Authors measured indegree, outdegree, betweenness, eigenvector centrality, density, reach efficiency (number of members ego can currently reach via support within two steps divided by the connectedness of the other members),  and overall egonet efficiency (effective size divided by the number of others in the egonet).

Overall, social networks of women in violent relationships were small and offered less support than those of women who were not in violent relationships. Figure 1 visually shows the differences in structure and support in two representative examples involving the same number of agents. The women in abusive relationships were smaller in size, but more efficient in their ability to reach the members in their networks. Women in abusive relationships had higher measures of centrality, suggesting that they were more critical in holding their networks together. However, these abused women also had fewer social contacts and provided more support than they received with fewer reciprocal ties. Authors were able to conclude that resources could be made available through these networks as these networks demonstrate weak ties and structural holes.
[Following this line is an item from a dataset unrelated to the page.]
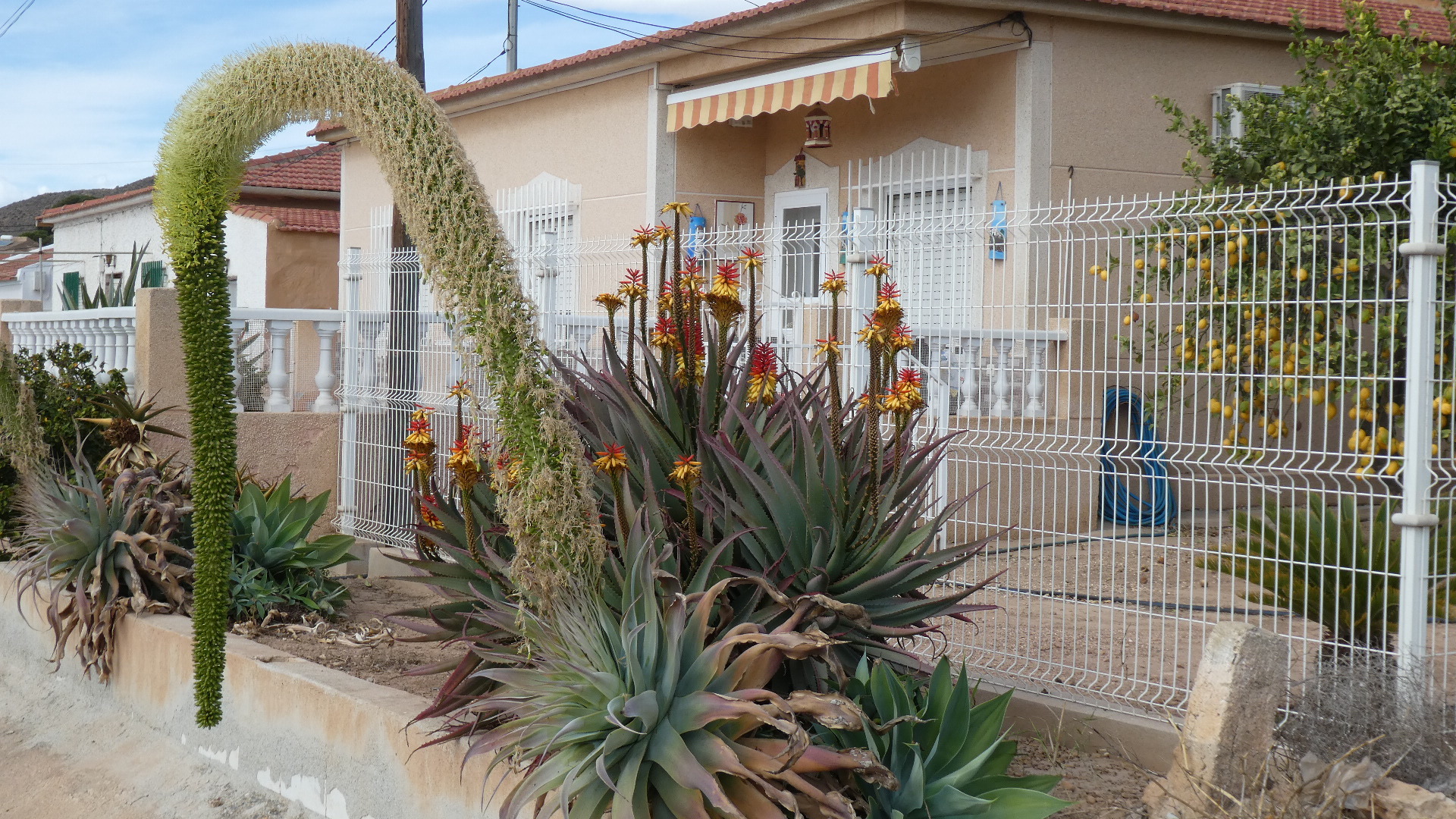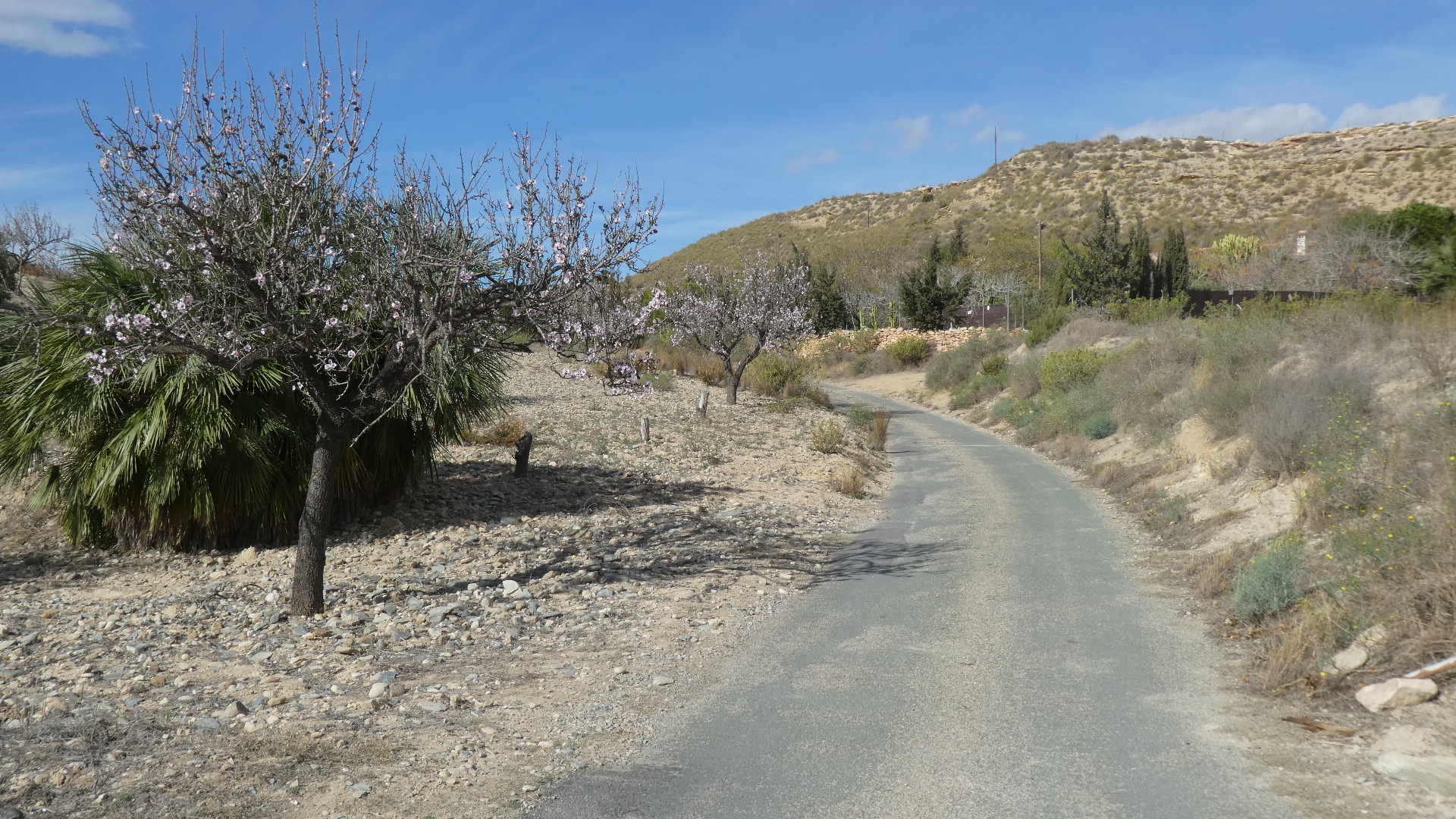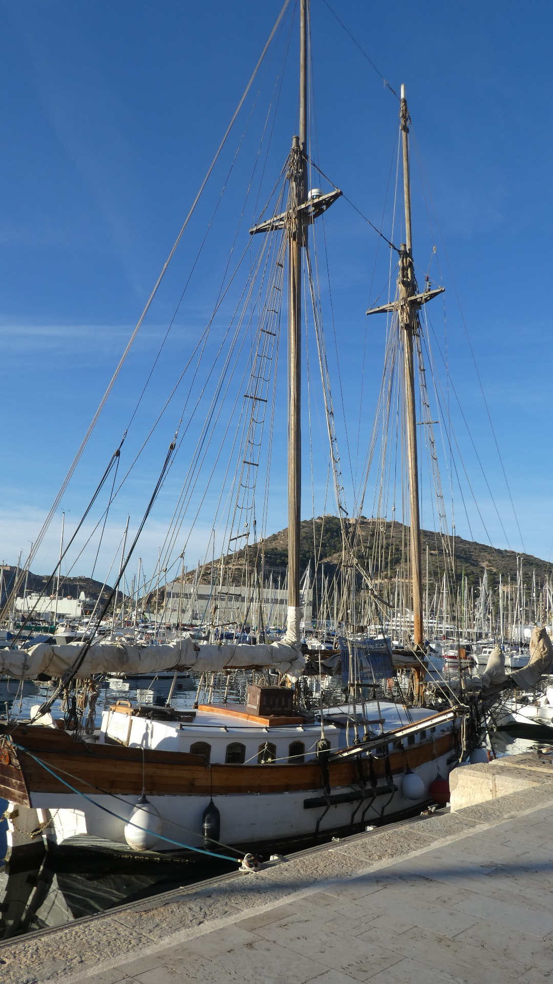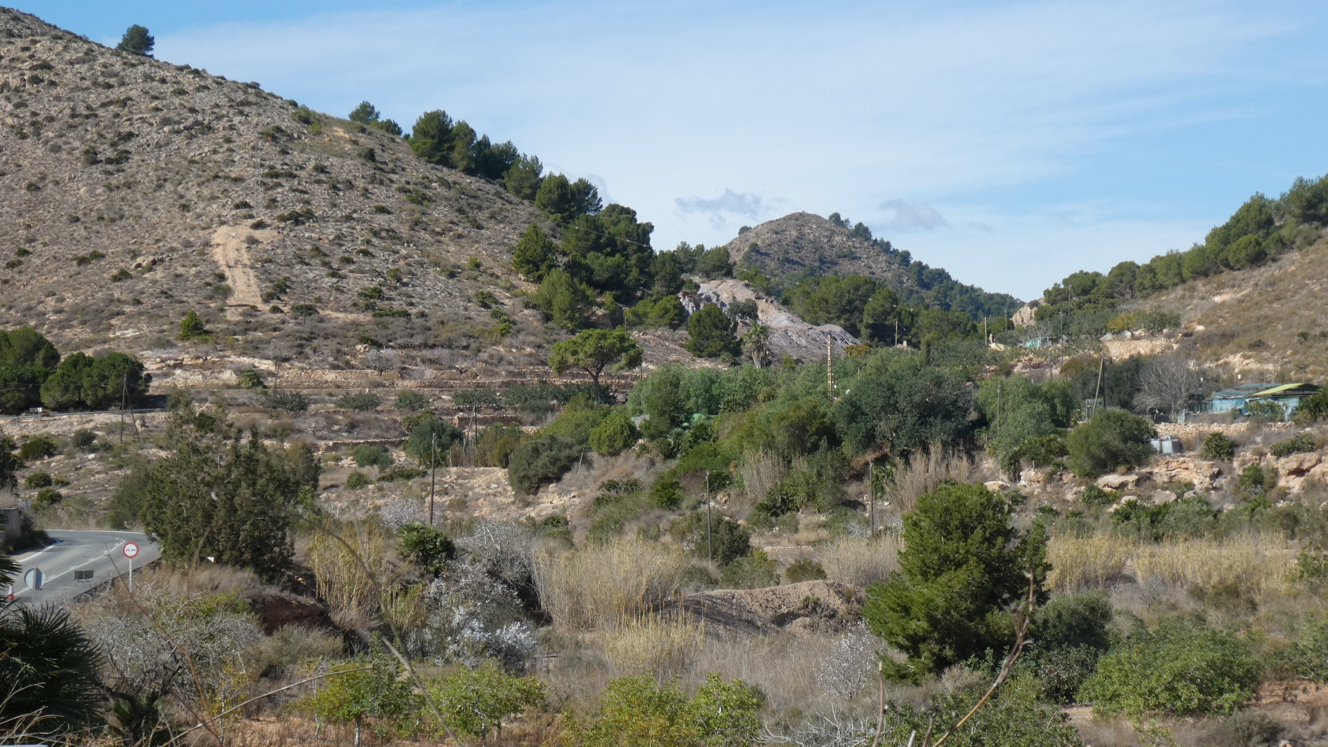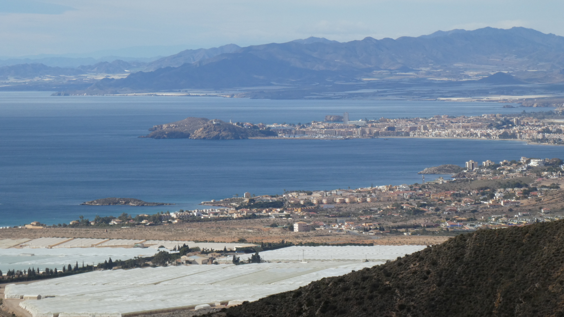 About half way down we came to a viewpoint. There, we answered some UQs from a couple from the UK. But it turned out the fellow had his own tale. The conversation starter was easy. He had been standing beside the back of his car, but he, or Mrs., opened the trunk and then we saw he could only walk with a walker. The tale was that two weeks ago he came off his bike, hitting sand in a roundabout, and sliding along his left side. There was an ambulance ride to Cartagena, and many x-rays. Apparently he is just severely bruised. For days, he could not sleep lying down, but is doing better now.

The authors explained that SNA produces statistics that yield information about connectedness, distance, groupings, and distributions of networks as well as individual subject information about their position in the network. Using SNA, the authors were able to find that women in abusive relationships were surprisingly more central to the networks indicating that these women may seek to minimize contact among the members of their network, perhaps out of embarrassment or shame. Knowing this information, women could be provided resources through the weak ties of more distant contacts.

Dworkin, E. R., Pittenger, S. L., & Allen, N. E. (2016). Disclosing Sexual Assault Within Social Networks: A Mixed-Method Investigation. American Journal of Community Psychology, 57(1–2), 216–228. https://doi.org/10.1002/ajcp.12033

The research questions of this study are as follows: What is the nature of the survivors’ utilization of their social networks for assistance? Who do survivors disclose their assault to within their informal social networks? What are the complex reasons why survivors make these decisions? Do characteristics of survivors, their networks, and informal respondents matter in sexual assault disclosure decisions?

Data were collected from a survey assessing perceived social support, identify people with whom the respondent discussed important matters, survivor characteristics, characteristics of members in the network, and sexual experiences. Once the surveys were completed, participants who endorsed any items on the sexual experiences were recruited for interviews. Interviews were used to collect qualitative information on violence-related topics.

College students (all over the age of 18) were recruited through a psychology department participant pool. Students received course credit for participating in a 50-minute online survey. Of 790 survey respondents, 206 reported sexual assault since age 14.

Nodes were the college students and individuals that the college students reported discussing important matters with. The edges were the links regarding social support and interactions between the nodes.

Authors found that characteristics of survivors, their social networks, and members of these networks were associated with disclosure decisions. Survivors were more likely to tell people who had higher degree centrality, demonstrating that social support was associated with network interconnectivity. They also identified that survivors tended to disclose to a smaller proportion of their network when many network members had relationships with each other or when the network had more subgroups. The figure below demonstrates examples of an association network structure with proportion of network receiving disclosure.

SNA methods made it possible to understand the structure of sexual assault victims’ networks. The authors found that survivors tended to disclose in smaller proportions of their network, suggesting that networks with multiple density-connected cliques most strongly discourage disclosure. These results can aid in help-seeking efforts by considering the social contexts of a survivor’s network.